И все же они оба квалифицировались впереди меня. Оба.
Что, черт возьми, происходит?
Завтра Приз, и они не смогут пойти и надраться сегодня. Не в ночь перед гонкой.
Харпер не настолько глуп. Или, по крайней мере, я так не думаю. Он может
боготворить Тайлера Хита, но он не совершит ту же ошибку, которая стоила моему
отцу места в команде.
Разве?
Тайлер всегда утверждал, что его уволили несправедливо, потому что боссам
команды не нравились некоторые решения, которые он принимал в личной жизни, но мама рассказала мне, что утром перед гонкой ему пришлось пройти тест на
дыхание, и оказалось, что он превысил допустимый уровень алкоголя. Это был не
первый раз, когда у него были проблемы с алкоголем, и я думаю, что они, наконец, закончились. Он был опасен для себя и для окружающих. И он всегда делал все, что
хотел, не задумываясь о том, кому он причиняет боль и как страдают другие.
Всегда.
Увольнение за пьянство стало для него унижением, за которое он заплатил кучу
денег, и я до сих пор удивляюсь, что эта история так и не просочилась наружу. Он
заставил маму подписать NDA как часть соглашения о разводе. Я уверен, что если
бы мы с сестрой были достаточно взрослыми, он заставил бы нас подписать его
тоже.
К счастью, он не имеет надо мной никакой власти и никогда не будет иметь.

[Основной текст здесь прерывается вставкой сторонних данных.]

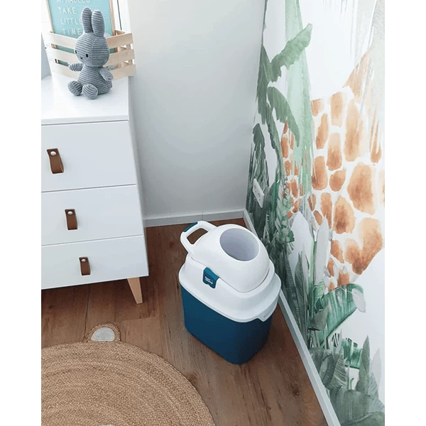 - Eenvoudige bediening: stop de luier van bovenaf in de opening. Door eenvoudig het bovenste deel te draaien, valt de luier in de afvalzak.
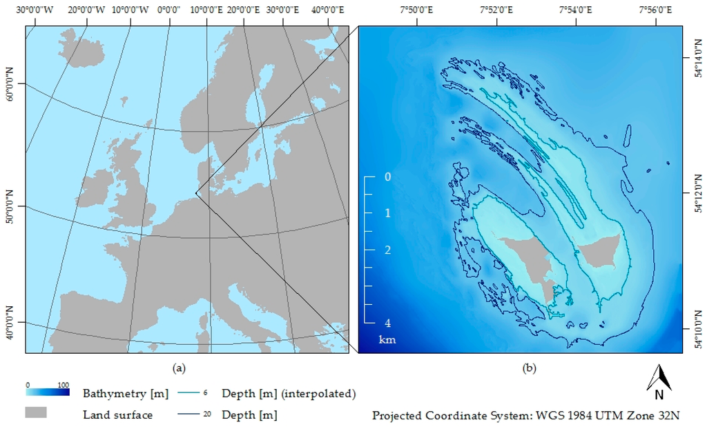 (a) The location of Helgoland is outlined in a map of Europe (data source: openstreetmapdata.com); (b) A bathymetric map based on sea chart level zero (lowest astronomical tide) of the subtidal zone of the archipelago (data source: courtesy of Federal Maritime and Hydrographic Agency of Germany 2010).

В первые годы своей карьеры я старательно рассказывал о том, как мама учила
меня мечтать о многом и добиваться своего. Я пришел сюда благодаря упорному
труду и самоотверженности. В этом нет ничего генетического. Своим успехом я
обязан маме и Элизе - мой отец не имеет к этому никакого отношения. Постепенно
люди перестали спрашивать.
И вот я здесь, бросаю все и занимаю восьмое место. Восьмой! Это вообще на меня
не похоже, но я просто не могу собраться с мыслями. С тех пор как я узнал, что
Харпер присоединяется к команде, у меня в голове полный бардак.
Я вернулся в отель в тревожном состоянии, принимая душ и отчаянно пытаясь
собраться с мыслями, когда мой телефон зазвонил от Элиз по FaceTime.
Когда я был моложе, это были мои любимые моменты дня. Она звонила мне и
рассказывала о своих курсах медсестер, о том, как она впервые начала встречаться
со своим парнем, теперь уже мужем, и обо всех своих интересных подругах, которые любили устраивать дикие штуки в университете. Теперь, когда звонит
телефон, я боюсь, что она звонит с плохими новостями о маме.
Однако это не мешает мне быстро отвечать. В Великобритании еще не слишком
поздно, и самая большая улыбка расплывается по моему лицу, когда я открываю
видеозвонок и вижу, что большую часть экрана занимает моя племянница.
«Дядя КиКи», - радостно кричит она, хлопая в ладоши, когда мое лицо заполняет ее
экран. «Дядя КиКи, я сегодня рисовала пальчиками». Элиза переключает камеру на
задний план, и передо мной появляется не менее десяти листов бумаги, покрытых
вихрями разноцветных красок. И это все, что нужно, чтобы вернуть мне счастье.
Я выдыхаю и позволяю Кэсси объяснить свои блуждающие мысли о паре картин, прежде чем она полностью отвлекается, рассказывая мне о телепередаче на ночь, которую ей разрешили посмотреть.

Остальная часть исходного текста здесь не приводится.